Network Model	Parameter Quantity (MB)	Computation (GB)	mAP (WBC)	mAP (RBC)	mAP (ALL)
SSD	24.0	274.5	75.8	71.8	73.8
Faster-RCNN	136.7	401.8	81.3	75.7	78.5
YOLOv4	52.4	119.7	85.1	78.0	81.6
YOLOv5l	46.3	108.9	86.7	85.0	85.8
YOLOv5s	7.1	16.3	87.4	77.3	82.3
YOLOX	54.2	155.6	87.3	85.6	86.5
YOLOv6	34.8	85.6	86.8	82.7	84.7
YOLOv7	36.5	103.2	85.1	85.3	85.2
SCD-YOLOv7	36.5	88.6	97.2	87.6	92.4

the improved algorithm mAP/WBC increased from 75.8% to 97.2%, mAP/RBC increased from 71.8% to 87.6%, and mAP/ALL increased from 73.8% to 92.4% the detection performance is greatly improved compared with the original model.

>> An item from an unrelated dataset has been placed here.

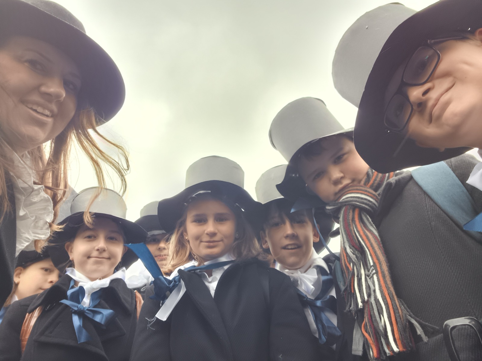 do szkoły w starannie przygotowanych strojach, z pomysłowymi rekwizytami

The SCD-YOLOv7 improved algorithm proposed in this paper performs best on mAP, and the parameter quantity and calculation amount are excellent. For the YOLOv5 s model, although the parameter quantity and calculation amount are the lowest, which are 7.1 M and 16.3 G, respectively, its detection accuracy is only 82.3%. Compared with YOLOX, the SCD-YOLOv7 model has obvious advantages in detection accuracy, parameter quantity, and calculation amount. The mAP value is 5.9% higher than that of the YOLOX model, the parameter amount is reduced by 17.7 M, and the calculation amount is reduced by 67 G. Compared with the YOLOv6 model, the accuracy mAP value is increased by 7.7%. Compared with other algorithms, YOLOv5l, YOLOv4, Faster-RCNN, and SSD, the proposed improved model SCD-YOLOv7 has the lowest computational complexity, and the mAP values are increased by 6.6%, 10.8%, 13.9%, and 18.6%, respectively. Compared with all the above algorithms, the model proposed in this paper performs well in parameter quantity and calculation amount for blood cell detection, and the detection accuracy reaches 92.4%. At the same time, the effectiveness and feasibility of the improved algorithm in blood cell image detection are verified.

5. Summary

In this paper, a blood cell detection algorithm based on SCD-YOLOv7 is proposed to solve the problems of small red blood cell targets, complex image backgrounds, and cell overlap in the blood cell image cell detection task. Firstly, the framework of YOLOv7 and the improved blood cell image detection model SCDYOLOv7 are introduced, which are described from four aspects: feature extraction network, small target detection head, and loss function. Then, the parameter setting, experimental environment, and performance evaluation index are defined. Different improvement strategies are tested, and the ablation experimental results of each module are analyzed in detail. Finally, the experimental results on the blood cell image data set are quantitatively and qualitatively analyzed. Under the same configuration conditions, the detection effect is compared with other commonly used detection models, which proves the effectiveness of the model proposed in this paper.